* Task to carry out:
The line containing "ただし林の中はボールのライが" marks the start. Restate it and every following line through the end of the records exactly, and nothing else, leaving out the pictures.

*** Opening Data for the task ***

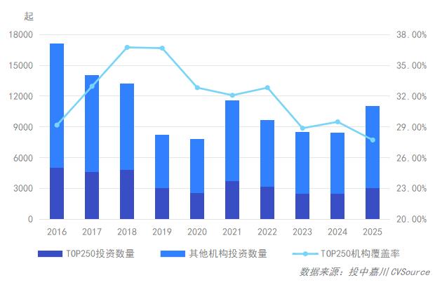 图9:2016年-2025年“Top 250”投资数量及市场覆盖率
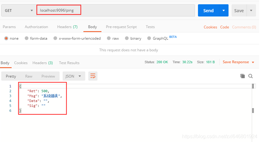 使用postman调用/ping接口,发现返回系统错误
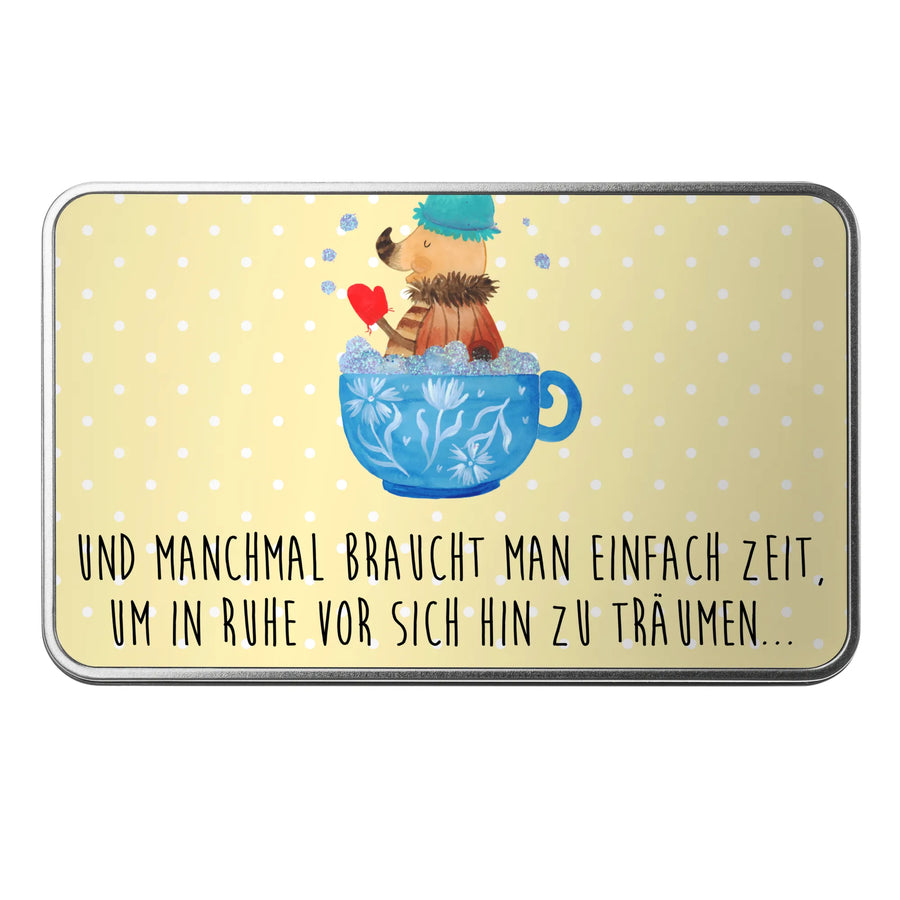 Herzlich Willkommen in der Welt des Nachtfalters Schaumbad von Mr. & Mrs. Panda! Diese wunderschöne rechteckige Metalldose ist mehr als nur eine Deko; sie bringt Freude und Entspannung in dein Zuhause. Bedruckt mit dem zauberhaften Motiv eines kleinen Nachtfalters, der es sich in einer Kaffeetasse gemütlich macht und ein entspannendes Schaumbad genießt, strahlt sie eine beruhigende Atmosphäre aus. Ideal als Aufbewahrungsdose für Kekse, kleine Schätze oder sogar als besondere Geschenkbox – denn manchmal braucht man einfach Zeit, um in Ruhe vor sich hin zu träumen.
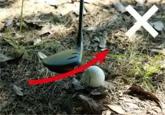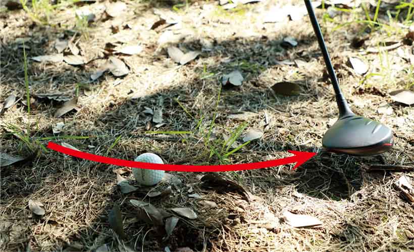 ただし林の中はボールのライが悪かったり地面が平らでなかったりするケースが多いので、フェアウェイからのショットのようにソールを滑らせる意識は持たないことです。砂が硬いバンカーと一緒で、小さい石があったりして、案外ソールが跳ね返されやすい点に注意しましょう。
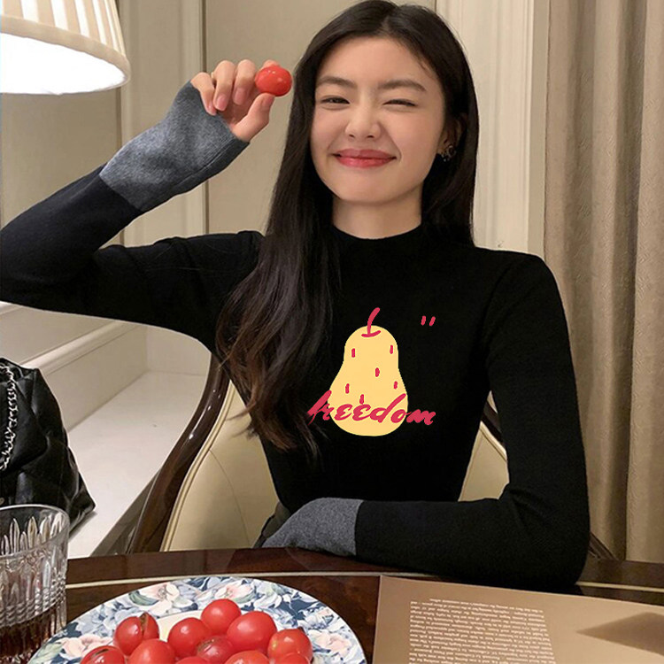撞色拼接半高领针织毛衣女款秋冬修身洋气内搭上衣黑色长袖打底衫

*** Closing Data for the task ***

* Answer to this exercise:
 ただし林の中はボールのライが悪かったり地面が平らでなかったりするケースが多いので、フェアウェイからのショットのようにソールを滑らせる意識は持たないことです。砂が硬いバンカーと一緒で、小さい石があったりして、案外ソールが跳ね返されやすい点に注意しましょう。
撞色拼接半高领针织毛衣女款秋冬修身洋气内搭上衣黑色长袖打底衫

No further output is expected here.